The current issue of Undercurrents, the bulletin of the Lahu National Development Organisation, deals with changes in the economy of northeastern Burma, largely as a result of contacts with Yunnan.
The issue can be downloaded here. The editors write that Chinese agents have been handing out traps, poison, and skinning tools in Lahu and Akha villages in Shan State while contracting trappers to look for various wild animals. “These days in every village either the headman of an agent of a Chinese boss keeps a certain amount of cash” to buy animals and forest products, as well as gemstones from villagers (p. 4). This is reminiscent of the networks of Chinese tax farms in remote villages in the colonial era, when they served as both collectors of primary products, providers of consumer goods and of cash loans (as well as collectors of taxes and suppliers of opium). Souchou Yao writes about this in his ethnography of Chinese shopkeepers in North Borneo, but the situation was similar in the Russian Far East at the turn of the 20th century. Incidentally, today, similar accusations of poaching of endangered species, ginseng, trepang etc. are again being made against Chinese in the Russian Far East.

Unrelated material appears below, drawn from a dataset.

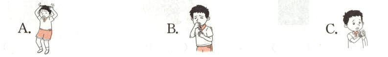 二、(北京房山区)两个小朋友今天去看病了。读信息卡,根据卡片内容选择合适的选项,将其标号填入题前括号内。
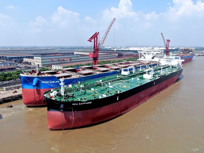 2日上午,新时代造船公司常务副总经理张玉永代表公司通过“云交付”仪式与船东希腊Seaworld公司签署55#156500吨油船交船文本;下午又与船东沙特BIHAR INTERNATIONAL COMPANY的代表签署11#110000吨油船交船文本;3日上午又与希腊船东Pantheon Tankers代表签署42#156500吨油船交船文本,三艘油船成功交付船东运营。

According to a report by the Yunnan Hongyu Group to the Yunnan Province Narcotics Control Commission, the group plans to plant 100,000 ha of rubber in Shan State (notably in the ethnic Chinese-run Special Region No. 2) in 2004-2014 under the Chinese government’s opium eradication provisions (p. 9). Much as in Laos, these large plantations coexist with smaller ones owned by various army and militia commanders, as well as with villagers planting rubber trees under contract to Chinese entrepreneurs, who provide seedlings and some cash (3 Thai baht per tree planted). As in Laos, Akha villagers in particular see rubber as a lucrative crops because they associate it with the higher incomes of Akha in China.
What is different from Laos is that both the Burmese army and the various former rebel armies have used a mixture of paid and corvee labour to clear the forest for their own as well as Hongyu’s plantations, according to the report. Also, because of the lack of a civilian administration, land confiscation is far more arbitrary. The United Wa State Army, which controls the essentially ethnic Chinese-run Special Region No. 4 in Mong La, has promoted rubber as an opium substitution crop and has benefited from Chinese policies supporting this. The commander of the region, Lin Ming Xian (like his colleague in the No. 2 region, a former drug lord), ordered his officials to grow rubber but was later disappointed with the production. Some Wa commanders have forbidden villagers to cut forest for rice fields but allow it for rubber plantations. The report points to the dangers of rubber monoculture for food security, especially in the short term, before the rubber trees mature.
Finally, the report mentions the opening of new mines, usually as cooperative ventures between local armies, Chinese, Thai and/or Japanese investors, and individuals linked to the ruling elites (such as family members of the Burmese junta and of the former Shan drug lord, Khun Sa). Some of these mines employ some Chinese workers. There are also freelance Chinese miners, poor farmers who cross the border to prospect for ore on their own.
One effect of Chinese involvement, then, appears to be the strengthening of local military elites who can now command more resources, and the relative further marginalisation of powerless highland groups, a situation similar to Laos and Cambodia. Yet, clearly, individual Akha and Lahu do benefit, or hope to benefit in the future. China has become a more attractive market not just for endangered wildlife but also for other things, such as water buffaloes, which fetch higher prices there.
The Lahu National Development Organisations seems to have a partnership with the Burma Rivers Network. I don’t know what kind of organisation it is, but it writes in the language and with the imagery of professional Western environmental activists. On the other hand, there are Wa and Shan groups that write in Chinese, in a language very close to that of the Chinese state. I suppose that in Burma’s border areas, there are all sorts of client groups/client polities, or simply groups that espouse varying development agendas. Perhaps it is lowland groups, which stand to benefit more from the export of Chinese development, that embrace Chinese models, while highland groups remain under the protection of Western NGO patrons. If so, this would create interesting political tensions over time (not unlike those that played out in Laos and Vietnam during the Vietnam War).